1667 yılında Danimarkalı bir bilim insanı sonunda sözde tıbbi güçleri için ödüllendirilen bazı gizemli taşların ay tutulması sırasında gökyüzünden düşmediği ve çatal dili olmadığı sonucuna vardı. Aslında tarih öncesi bir tür olan ve Megalodon adı verilen bu zamana kadar yaşamış en büyük köpek balığına ait fosilleşmiş diş olduğunu fark etti. Peki Megalodon denizlere hükmederken durumlar nasıldı? Bu ürkütücü avcının neslinin tükenmesine ne sebep oldu?
Because their skeletons were cartilaginous, what remains of megalodons are mostly scattered clues, like some isolated vertebrae and lots of their enamel-protected teeth. Like many sharks, megalodons could shed and replace thousands of teeth over the course of their lives. Interestingly, some fossil sites harbor especially high numbers of small megalodon teeth. Experts believe these were nurseries that supported countless generations of budding megalodons. They grew up in sheltered and food-packed shallow waters before becoming unrivaled adult marine hunters.

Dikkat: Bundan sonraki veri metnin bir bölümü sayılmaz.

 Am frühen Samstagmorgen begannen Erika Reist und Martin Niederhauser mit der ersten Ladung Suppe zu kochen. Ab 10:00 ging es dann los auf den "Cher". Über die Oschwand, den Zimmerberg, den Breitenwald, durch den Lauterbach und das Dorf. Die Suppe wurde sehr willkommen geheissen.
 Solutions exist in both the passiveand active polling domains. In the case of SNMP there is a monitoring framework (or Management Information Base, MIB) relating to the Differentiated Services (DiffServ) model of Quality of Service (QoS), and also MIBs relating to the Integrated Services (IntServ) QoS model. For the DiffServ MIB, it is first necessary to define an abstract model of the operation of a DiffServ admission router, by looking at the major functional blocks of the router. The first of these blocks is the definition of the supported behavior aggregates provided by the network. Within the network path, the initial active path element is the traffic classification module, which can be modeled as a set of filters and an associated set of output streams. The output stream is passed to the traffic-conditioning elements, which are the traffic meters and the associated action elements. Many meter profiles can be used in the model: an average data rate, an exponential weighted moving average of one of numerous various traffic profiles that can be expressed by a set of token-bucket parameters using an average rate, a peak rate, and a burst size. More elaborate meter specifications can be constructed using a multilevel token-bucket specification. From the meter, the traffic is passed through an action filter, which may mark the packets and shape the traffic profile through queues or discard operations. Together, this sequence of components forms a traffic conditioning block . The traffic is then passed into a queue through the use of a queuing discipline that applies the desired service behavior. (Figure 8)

İskeletleri kıkırdaklı olduğu için Megalodonlardan geriye kalanlar izole omurlar ve diş mineleri korunan dişler gibi çoğunlukla dağınık ipuçları. Birçok köpek balıkları gibi Megalodonlar hayatları boyunca binlerce diş döküp tekrar çıkarabilirler. İlginç bir şekilde bazı fosil alanları özellikle yüksek sayıda küçük Megalodon dişleri barındırıyor. Uzmanlar bunların pek çok gelişen Megalodon nesillerini destekleyen yuvalar olduğuna inanıyor. Yetişkin rakipsiz bir deniz avcısı olmadan önce gıda dolu ve korunaklı bir şekilde sığ sularda büyüdüler.

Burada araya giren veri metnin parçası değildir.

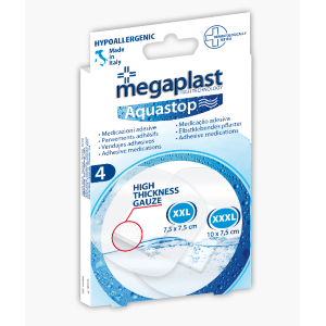 Cerotto adesivo resistente all’acqua per medicazione con garza ad alto spessore.
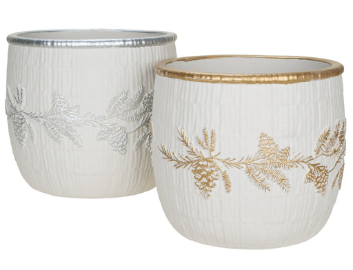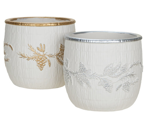 6" Gold/Silver Pinecone Motif Cement Planter, 2 Assorted, 2/pk
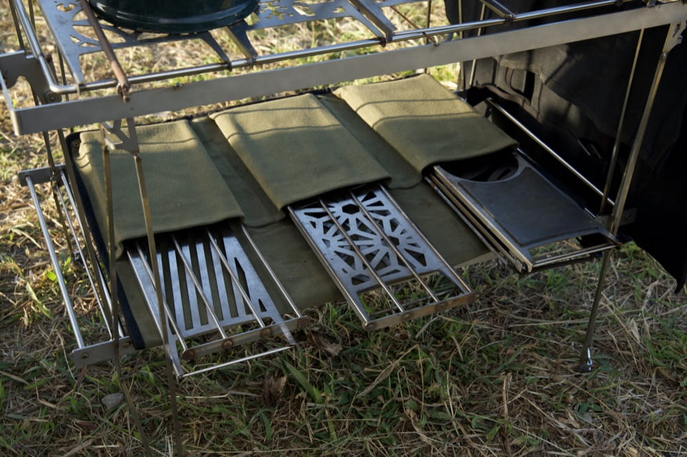 焚き火を囲むキャンプスタイルにおいて、簡易的なツールラックとして使用することができます。不安定な場合は、重さのあるもの(石など)を中心に入れるとぐらつきが解消されます。

Looking at the similarities with great white shark teeth, scientists estimate that megalodons might have stretched up to 20 meters— three times longer than great whites. And during their reign, which began around 20 million years ago, megalodons lived just about everywhere, with individuals also potentially undertaking transoceanic migrations.
Büyük beyaz köpek balığıyla olan benzerliklere bakarak bilim insanları Megalodonların boyunun 20 metreye yakın olduğunu tahmin ediyor ki bu da onları beyaz köpek balıklarından 3 kat daha uzun yapar. 20 milyon yıl önce başlayan hüküm sürdükleri dönem boyunca Megalodonlar neredeyse her yerde aynı zamanda potensiyel olarak okyanus ötesi göçler gerçekleştiren bireylerle yaşadılar.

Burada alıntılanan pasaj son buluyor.